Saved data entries
- - -
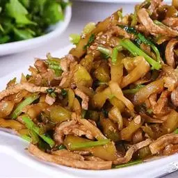 榨菜肉丝是四川省传统的名菜,属于川菜。此菜在四川家庭和中低档饭馆常年制作,原料易得,操作简便,咸淡…
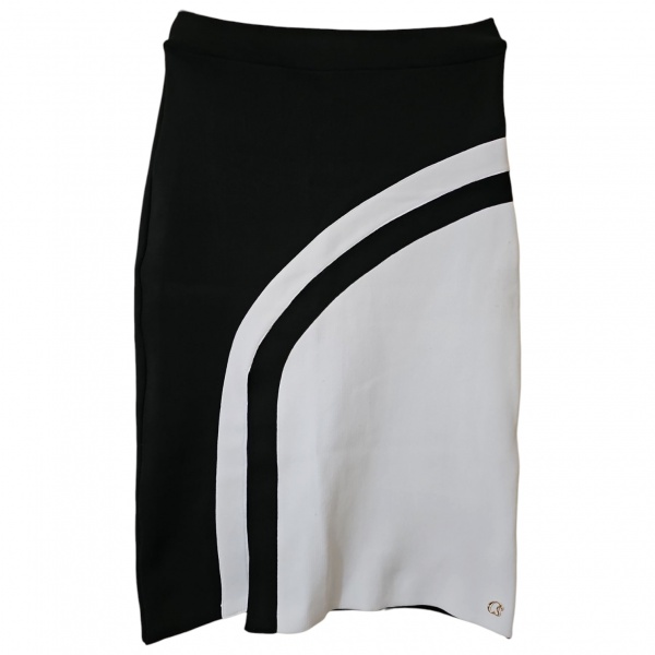 • Saia Tam. M. by Carmem Steffens em malha nas cores branco e preto, cintura 35, Com. 68 cm.
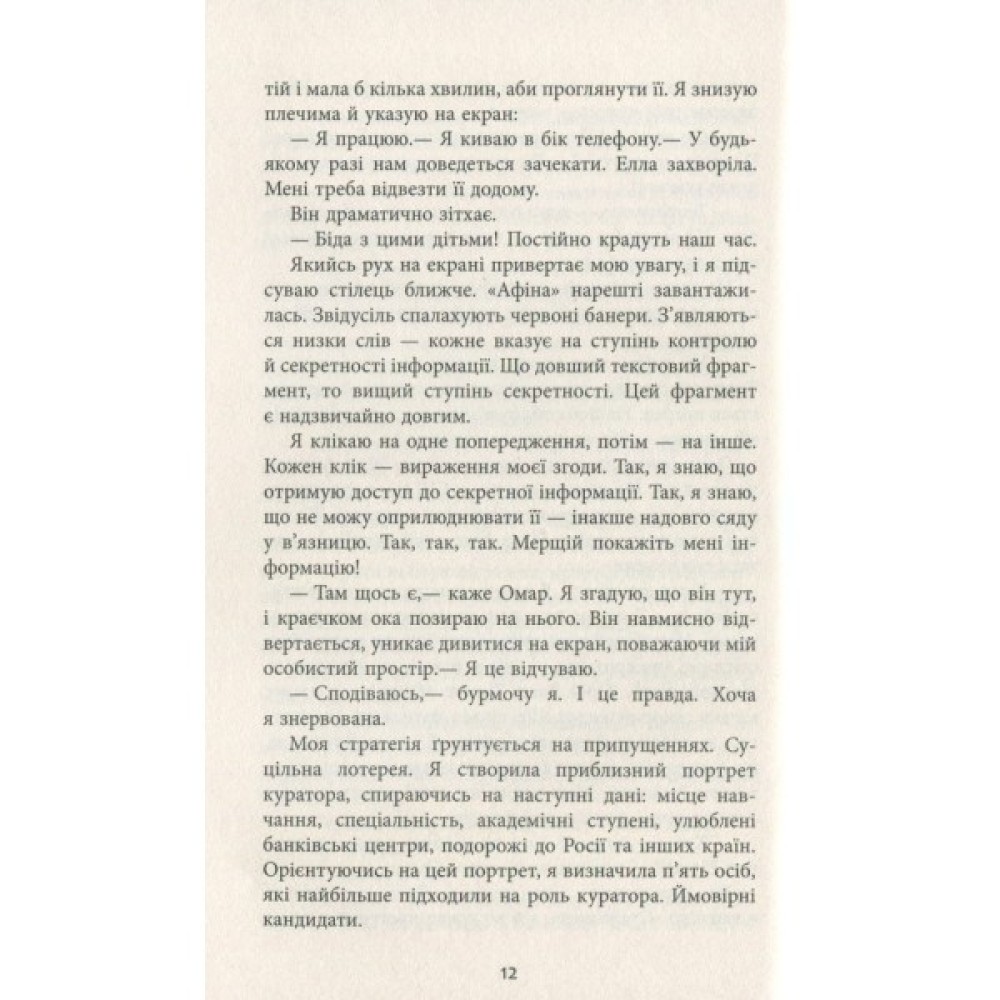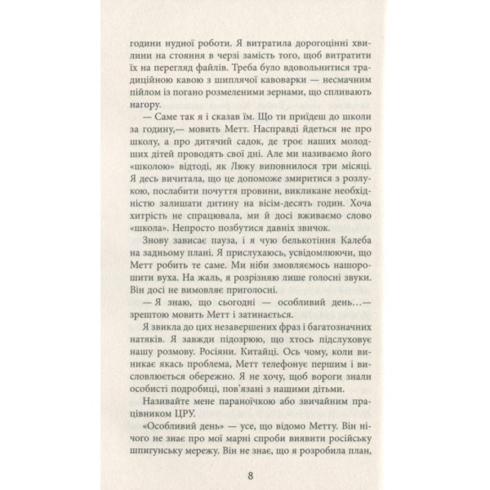 Героїня роману Карен Клівленд — молода жінка, аналітик контррозвідки ЦРУ. Вона має невідкладне завдання — розкрити керівників мережі російських «сплячих агентів» у Сполучених Штатах. Отримавши доступ до комп’ютера особи, яка, скоріш за все, є резидентом, Вівіан виявляє секретні досьє російських агентів, які перебувають на території США під глибоким прикриттям й очікують сигналу до дії. Кілька кліків мишкою — і її світ змінюється до невпізнанності. Відтепер її робота, чоловік, навіть її четверо дітей опиняються під загрозою. Героїня стикається з болісним вибором між лояльністю та зрадою, вірністю присязі та підступністю, любов’ю та підозрою. Вона розуміє, що не може довіряти практично нікому, і з цим потрясінням їй ще належить упоратися…
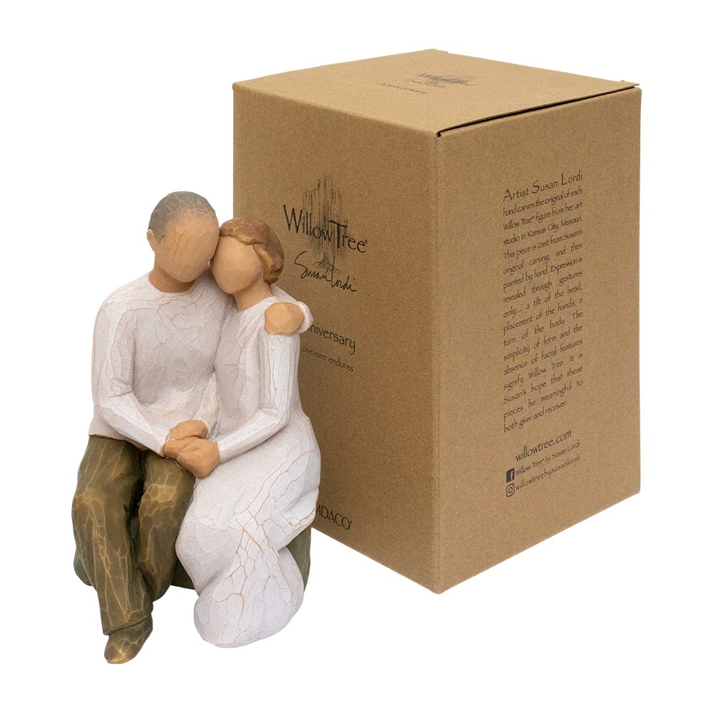 The ANNIVERSARY statue from the Willow Tree collection, designed and created by artist Susan Lordi, depicts a loving couple holding hands—a symbol of love and affection.
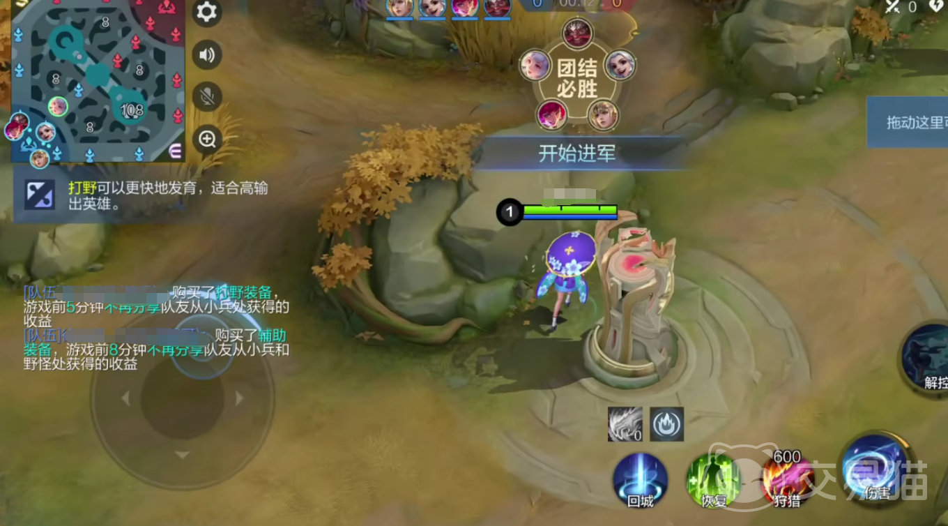 游戏的地图分为四个模块,它们分别代表着对抗路、中路、发育路、野区, 这四个区域需要分配五名角色,倘若玩家使用的是机动性比较强的角色,则可以进入到野区,作为游击打野存在,打野角色需要注重各个野怪的刷新时间,玩家可以选择开局红开或者是蓝开,保证开局的buff恢复效率,部分角色也能够做到无伤打野。
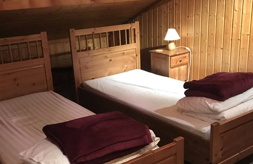 El Chalet consta de 5 habitaciones dobles que abarcan 3 plantas con capacidad para 10 personas en camas y cómodamente 2 más en un sofá cama en la sala de estar y / o el futón móvil en uno de los dormitorios, también hay una cuna de viaje si es necesario. Tres dormitorios están en el segundo piso, uno en el primero y uno en la planta baja.
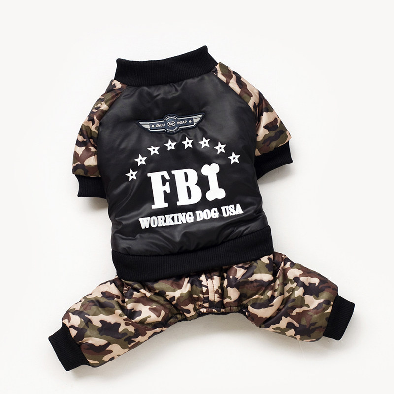 New FBI Camouflate Thicken Cotton Clothes Teddy Dogs Clothes Autumn Winter Dress VIP Pets Four Feet Clothes
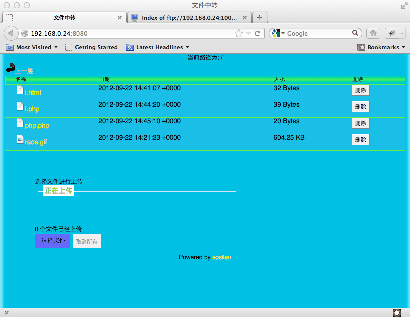 Browsing to http://<target_ip>:8080/ presents an index page in which anyone can upload files to the web servers root directory.
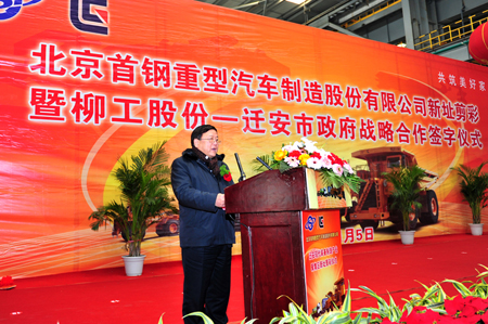 1月5日上午,“北京首钢重汽新址剪彩暨柳工与迁安市政府战略合作签字仪式”在河北省迁安市隆重举行。柳工集团董事长王晓华、股份公司副总裁黄建兵以及迁安市市长李忠,中国工程机械协会副秘书长王金星,首钢总公司总经理助理、首钢矿业总经理郝树华等,与柳工经销商代表、首钢重汽供应商代表、首钢重汽全体员工共同参加迁址剪彩,并见证柳工与迁安市政府签署战略合作协议。
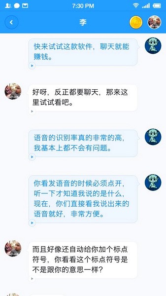 最近我发现了一款挺有意思的社交软件叫聊天宝,这是由罗永浩团队开发的,前身是子弹短信。它的最大特点就是可以通过各种操作轻松赚钱,比如加好友、阅读文章甚至与人聊天都能得到金币奖励,界面也很简洁清爽,没有烦人的广告。
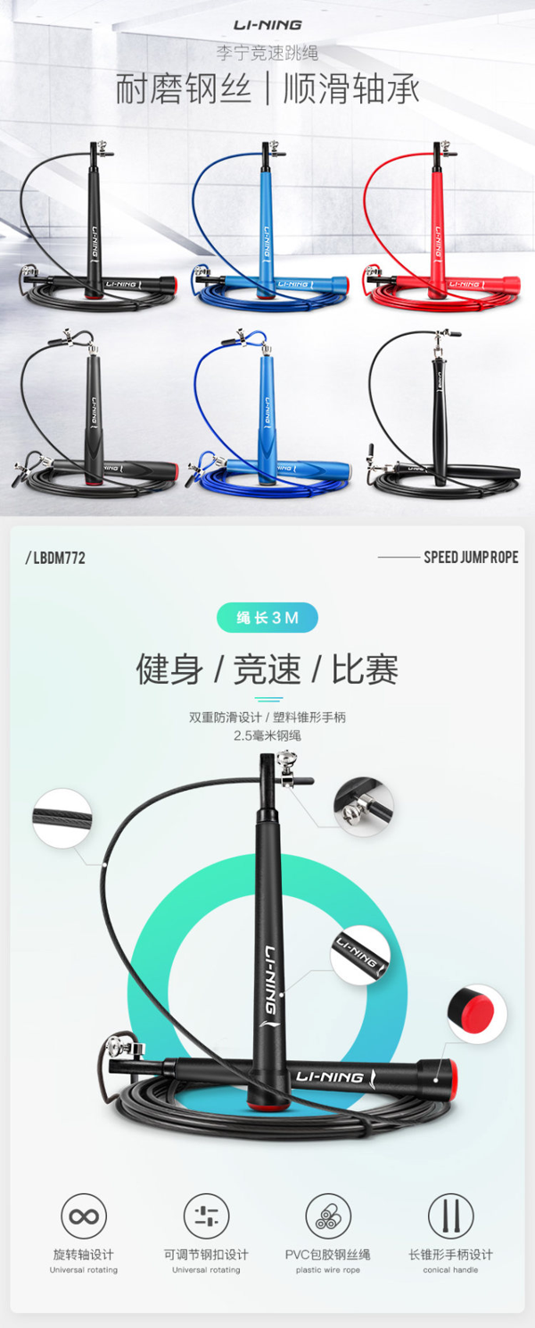 天猫锋悦运动专营店19.9元,可领5元优惠券,实付14.9元到手,是正价58元的2.6折;李宁大品牌 正品保障 防伪查询 专业防绕绳。轴承跳绳,长度3M,PVC材质,结实耐用,小巧轻便。领券链接点此
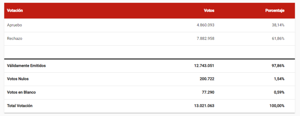 Finalmente, con un 99,95% de las mesas escrutadas, la opción Rechazo (61,86%) se impuso al Apruebo (38,14%) por amplia mayoría y superando los pronósticos de las encuestas. A pesar del resultado, voceros de la alternativa ganadora hicieron un llamado a realizar un nuevo proceso constituyente que "una" al país.
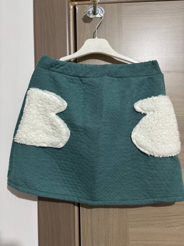 Yumuşak ve rahat kumaştan, bol kesim yeşil etek, beyaz peluş ceplerle tamamlanmıştır. 9-10 yaş uygundur
- - -
All pictures are to be skipped. Output, word for word, the lines in the data above starting at the line containing "Героїня роману Карен" and ending at the line containing "游戏的地图分为四个模块,它们".

 Героїня роману Карен Клівленд — молода жінка, аналітик контррозвідки ЦРУ. Вона має невідкладне завдання — розкрити керівників мережі російських «сплячих агентів» у Сполучених Штатах. Отримавши доступ до комп’ютера особи, яка, скоріш за все, є резидентом, Вівіан виявляє секретні досьє російських агентів, які перебувають на території США під глибоким прикриттям й очікують сигналу до дії. Кілька кліків мишкою — і її світ змінюється до невпізнанності. Відтепер її робота, чоловік, навіть її четверо дітей опиняються під загрозою. Героїня стикається з болісним вибором між лояльністю та зрадою, вірністю присязі та підступністю, любов’ю та підозрою. Вона розуміє, що не може довіряти практично нікому, і з цим потрясінням їй ще належить упоратися…
 The ANNIVERSARY statue from the Willow Tree collection, designed and created by artist Susan Lordi, depicts a loving couple holding hands—a symbol of love and affection.
 游戏的地图分为四个模块,它们分别代表着对抗路、中路、发育路、野区, 这四个区域需要分配五名角色,倘若玩家使用的是机动性比较强的角色,则可以进入到野区,作为游击打野存在,打野角色需要注重各个野怪的刷新时间,玩家可以选择开局红开或者是蓝开,保证开局的buff恢复效率,部分角色也能够做到无伤打野。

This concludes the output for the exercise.